PROVIDED DATA:
================
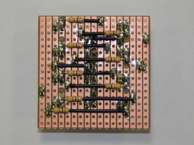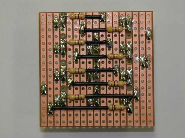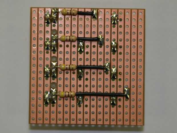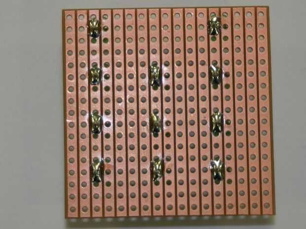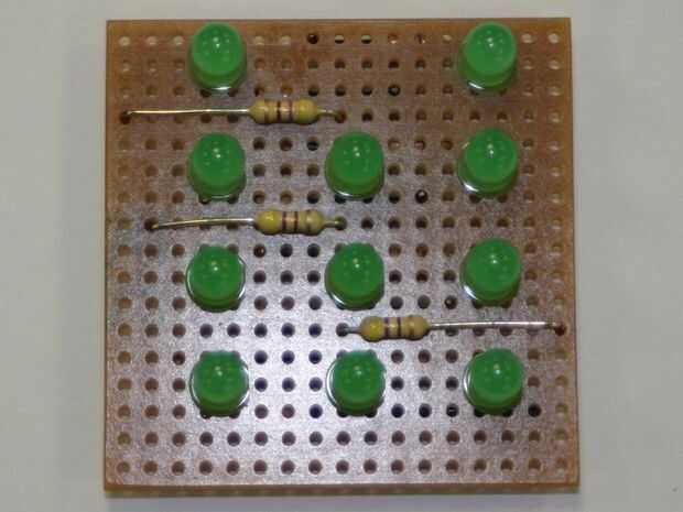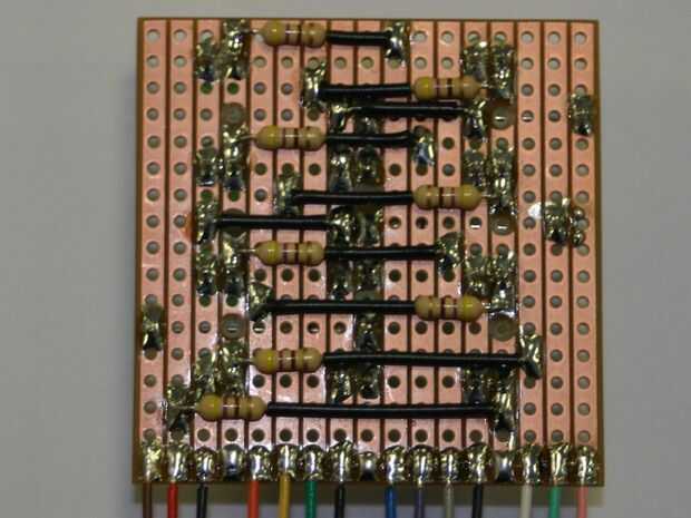 Así que para comenzar con estoy utilizando 5mm que LED verde y estos junto con las resistencias son todos soldados sobre un pequeño trozo de placa 17 pistas ancho por 17 de largo. Las resistencias son de 470 ohm y como veis en las fotos he soldado 3 en el lado correcto de la placa pero el resto de las resistencias y los links fueron soldados en el lado de la pista (al revés) donde van las patas de las resistencias en otras canciones he cubierto los utilizando aislamiento despojado de alambre de un solo núcleo. Tener un buen vistazo a las fotos ya que hay varios saltos de pista
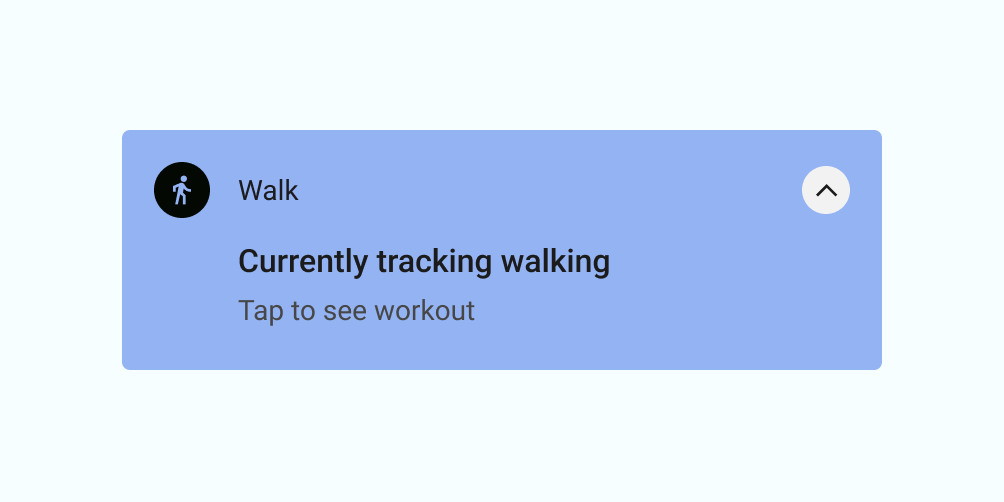 L'esempio seguente mostra una notifica di un'app per il fitness. L'utente ha avviato una sessione di allenamento attiva, che esegue l'inizializzazione di un servizio in primo piano che monitora la sessione di allenamento. L'app mostra la notifica per indicare che sta monitorando la camminata, con un'opzione per visualizzare l'allenamento.
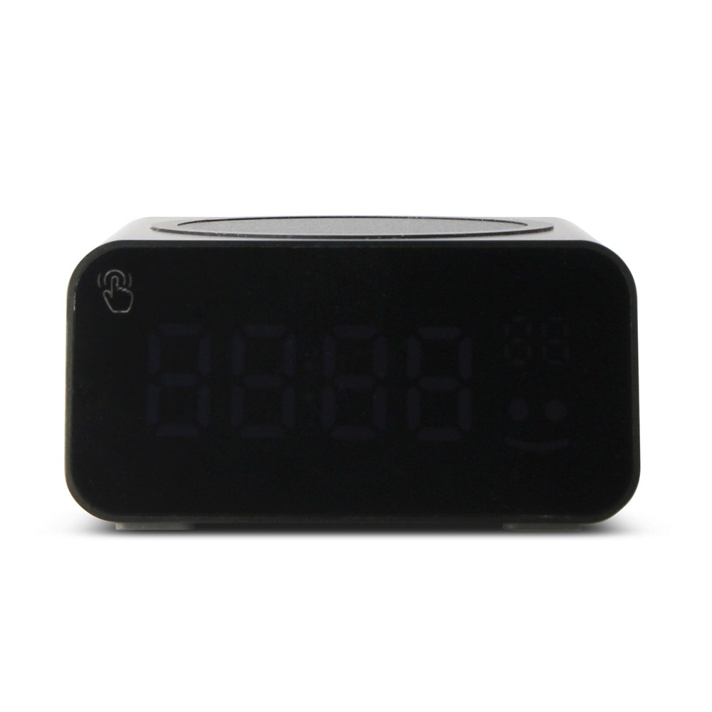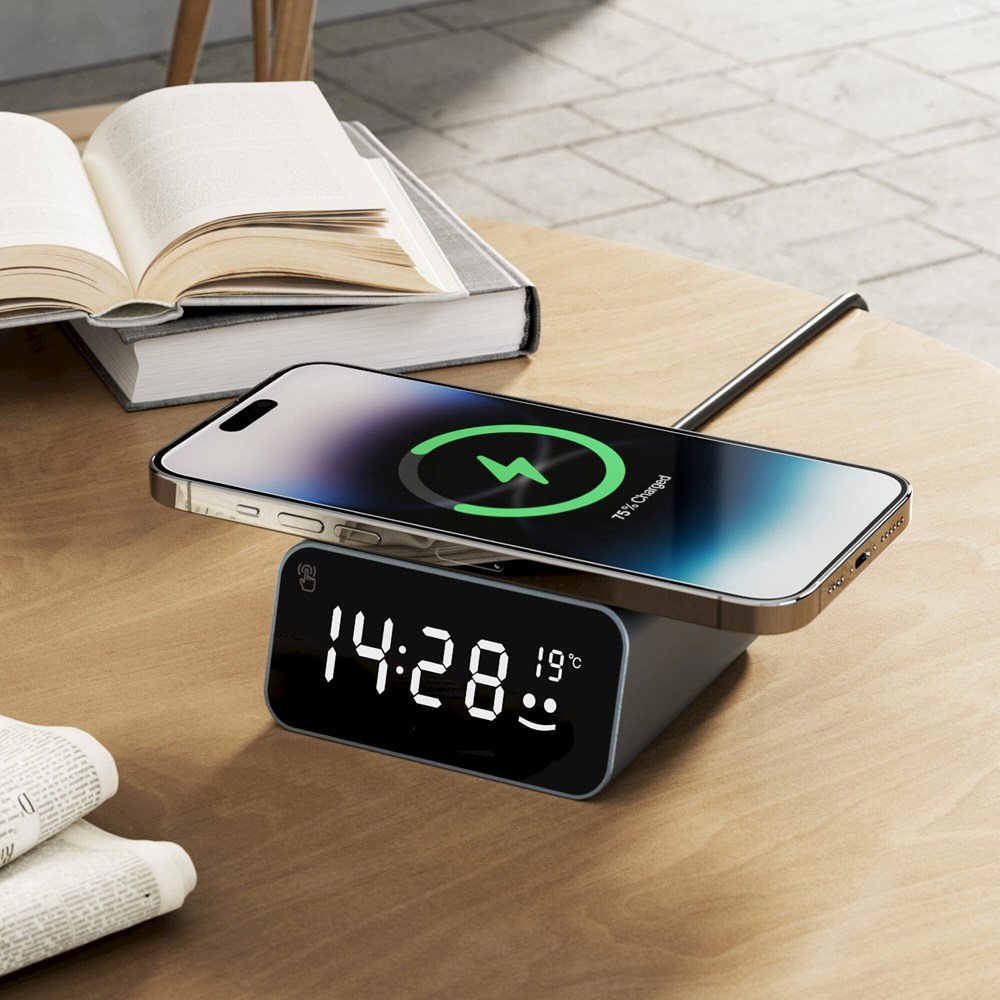 Erleben Sie Innovation! Unsere Uhr mit kabellosem Ladegerät, die aus recyceltem Aluminium gefertigt ist, liefert eine schnelle 15-W-Ladung. Das Smiley-Symbol leuchtet während des Schnellladevorgangs. Mit Temperaturüberwachung, automatischer Zeiteinstellung und einer Weckfunktion ist sie ein Meilenstein in Sachen Komfort und Nachhaltigkeit.
================
EXERCISE DIRECTIONS: Copy the data above word for word. Pictures stay out.

ANSWER TO THE EXERCISE:
 Así que para comenzar con estoy utilizando 5mm que LED verde y estos junto con las resistencias son todos soldados sobre un pequeño trozo de placa 17 pistas ancho por 17 de largo. Las resistencias son de 470 ohm y como veis en las fotos he soldado 3 en el lado correcto de la placa pero el resto de las resistencias y los links fueron soldados en el lado de la pista (al revés) donde van las patas de las resistencias en otras canciones he cubierto los utilizando aislamiento despojado de alambre de un solo núcleo. Tener un buen vistazo a las fotos ya que hay varios saltos de pista
 L'esempio seguente mostra una notifica di un'app per il fitness. L'utente ha avviato una sessione di allenamento attiva, che esegue l'inizializzazione di un servizio in primo piano che monitora la sessione di allenamento. L'app mostra la notifica per indicare che sta monitorando la camminata, con un'opzione per visualizzare l'allenamento.
 Erleben Sie Innovation! Unsere Uhr mit kabellosem Ladegerät, die aus recyceltem Aluminium gefertigt ist, liefert eine schnelle 15-W-Ladung. Das Smiley-Symbol leuchtet während des Schnellladevorgangs. Mit Temperaturüberwachung, automatischer Zeiteinstellung und einer Weckfunktion ist sie ein Meilenstein in Sachen Komfort und Nachhaltigkeit.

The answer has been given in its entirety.